* [What the exercise asks]: Nothing but the lines below from the one with "红色上海版块主旨报告由外国语" through the one with "La brouette est" should be output, each exactly as given, and no pictures.

* [Extracted data]:

━━━━━━

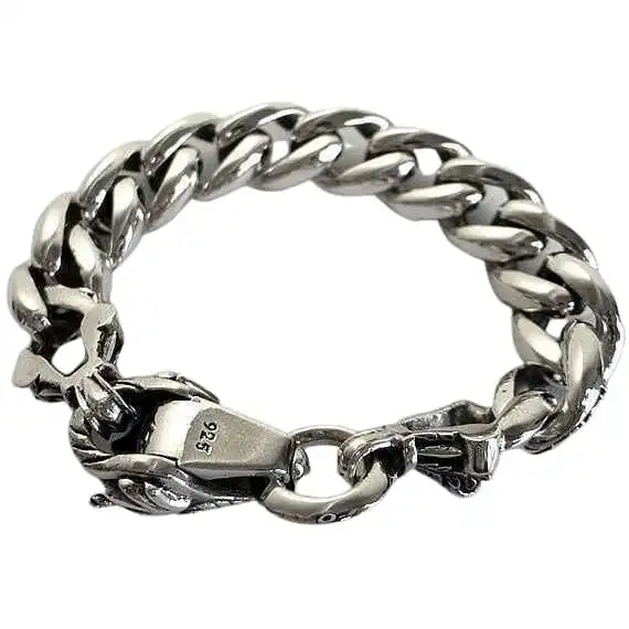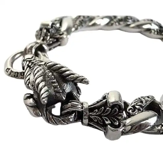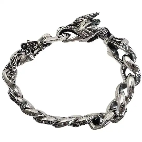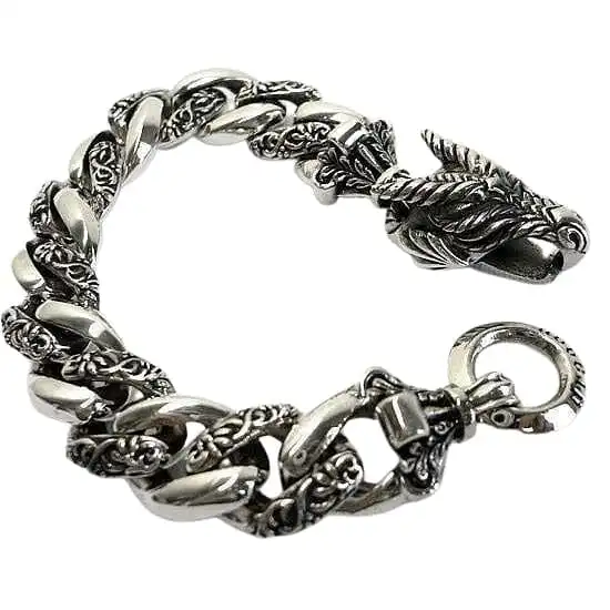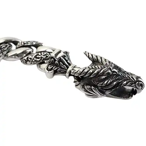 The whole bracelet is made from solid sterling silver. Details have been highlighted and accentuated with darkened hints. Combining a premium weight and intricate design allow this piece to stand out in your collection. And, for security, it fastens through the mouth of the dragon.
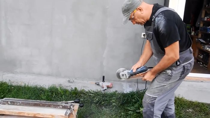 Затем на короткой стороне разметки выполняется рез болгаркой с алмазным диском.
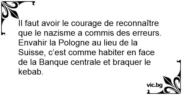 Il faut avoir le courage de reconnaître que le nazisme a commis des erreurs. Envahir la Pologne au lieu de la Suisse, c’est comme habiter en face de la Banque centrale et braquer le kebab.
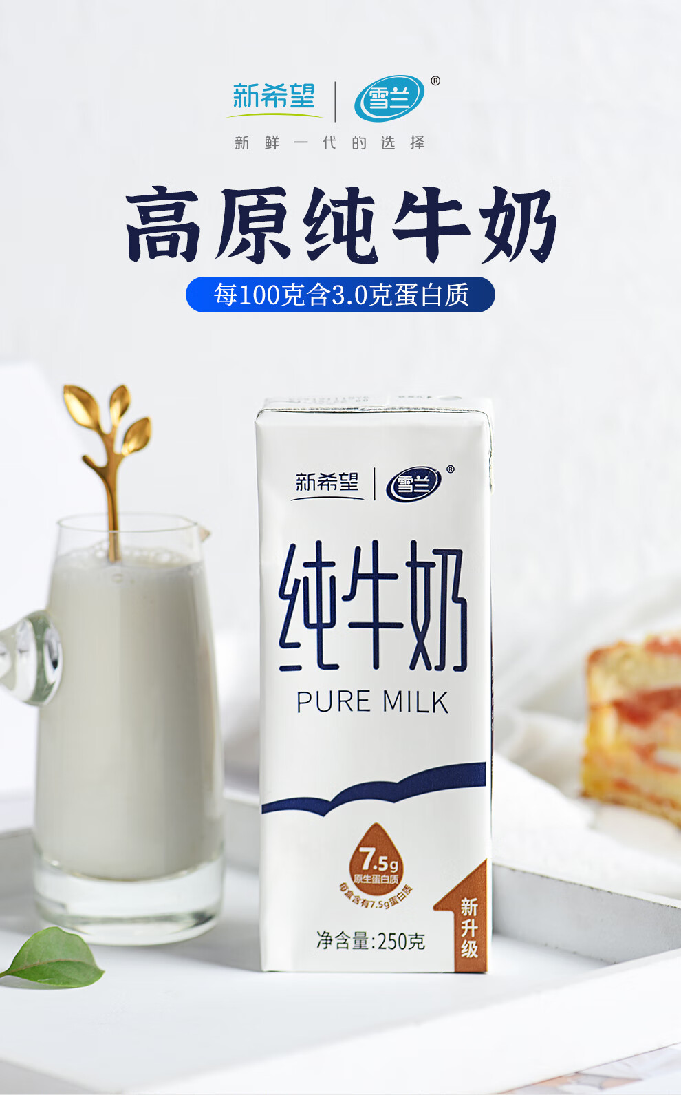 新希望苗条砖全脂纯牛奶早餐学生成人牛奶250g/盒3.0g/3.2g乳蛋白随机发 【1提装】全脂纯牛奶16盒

━━━━━━

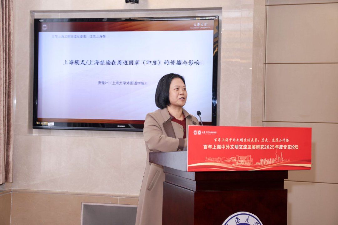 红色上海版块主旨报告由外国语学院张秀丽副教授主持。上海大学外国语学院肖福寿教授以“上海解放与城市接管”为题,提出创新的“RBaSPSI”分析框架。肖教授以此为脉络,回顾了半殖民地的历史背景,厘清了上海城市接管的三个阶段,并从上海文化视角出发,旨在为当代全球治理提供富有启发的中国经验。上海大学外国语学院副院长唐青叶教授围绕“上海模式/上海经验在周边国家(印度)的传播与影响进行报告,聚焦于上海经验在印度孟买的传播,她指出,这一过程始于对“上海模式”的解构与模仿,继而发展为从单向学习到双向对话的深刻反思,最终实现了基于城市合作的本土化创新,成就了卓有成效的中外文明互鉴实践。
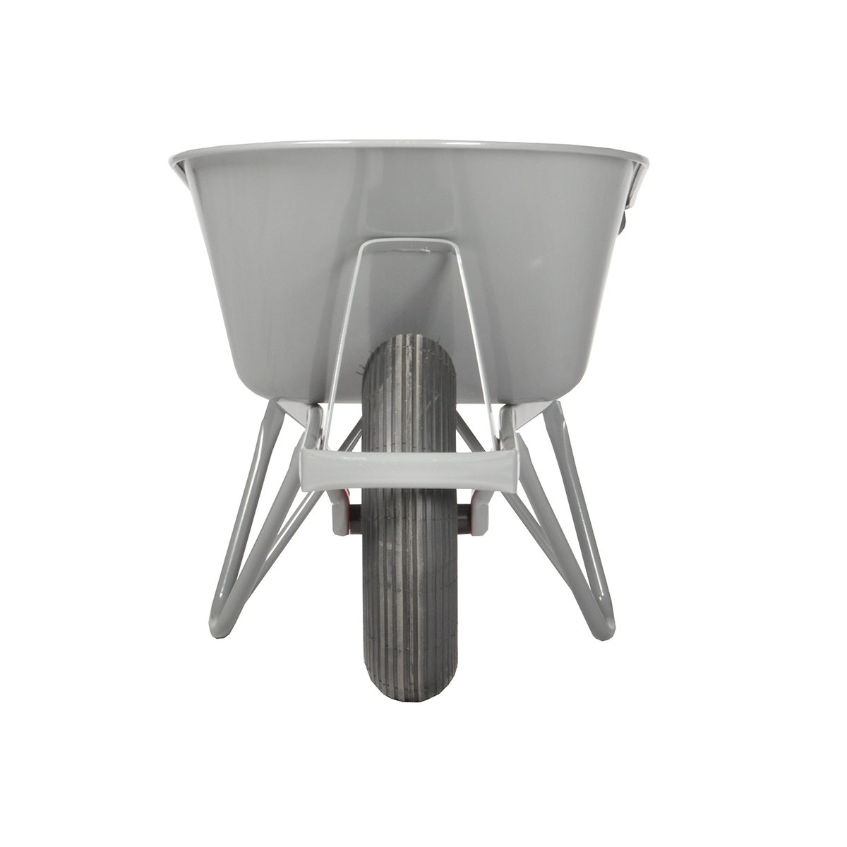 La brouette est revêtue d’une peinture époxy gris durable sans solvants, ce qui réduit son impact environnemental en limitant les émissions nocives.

━━━━━━

* [Solution to this exercise]:
 红色上海版块主旨报告由外国语学院张秀丽副教授主持。上海大学外国语学院肖福寿教授以“上海解放与城市接管”为题,提出创新的“RBaSPSI”分析框架。肖教授以此为脉络,回顾了半殖民地的历史背景,厘清了上海城市接管的三个阶段,并从上海文化视角出发,旨在为当代全球治理提供富有启发的中国经验。上海大学外国语学院副院长唐青叶教授围绕“上海模式/上海经验在周边国家(印度)的传播与影响进行报告,聚焦于上海经验在印度孟买的传播,她指出,这一过程始于对“上海模式”的解构与模仿,继而发展为从单向学习到双向对话的深刻反思,最终实现了基于城市合作的本土化创新,成就了卓有成效的中外文明互鉴实践。
 La brouette est revêtue d’une peinture époxy gris durable sans solvants, ce qui réduit son impact environnemental en limitant les émissions nocives.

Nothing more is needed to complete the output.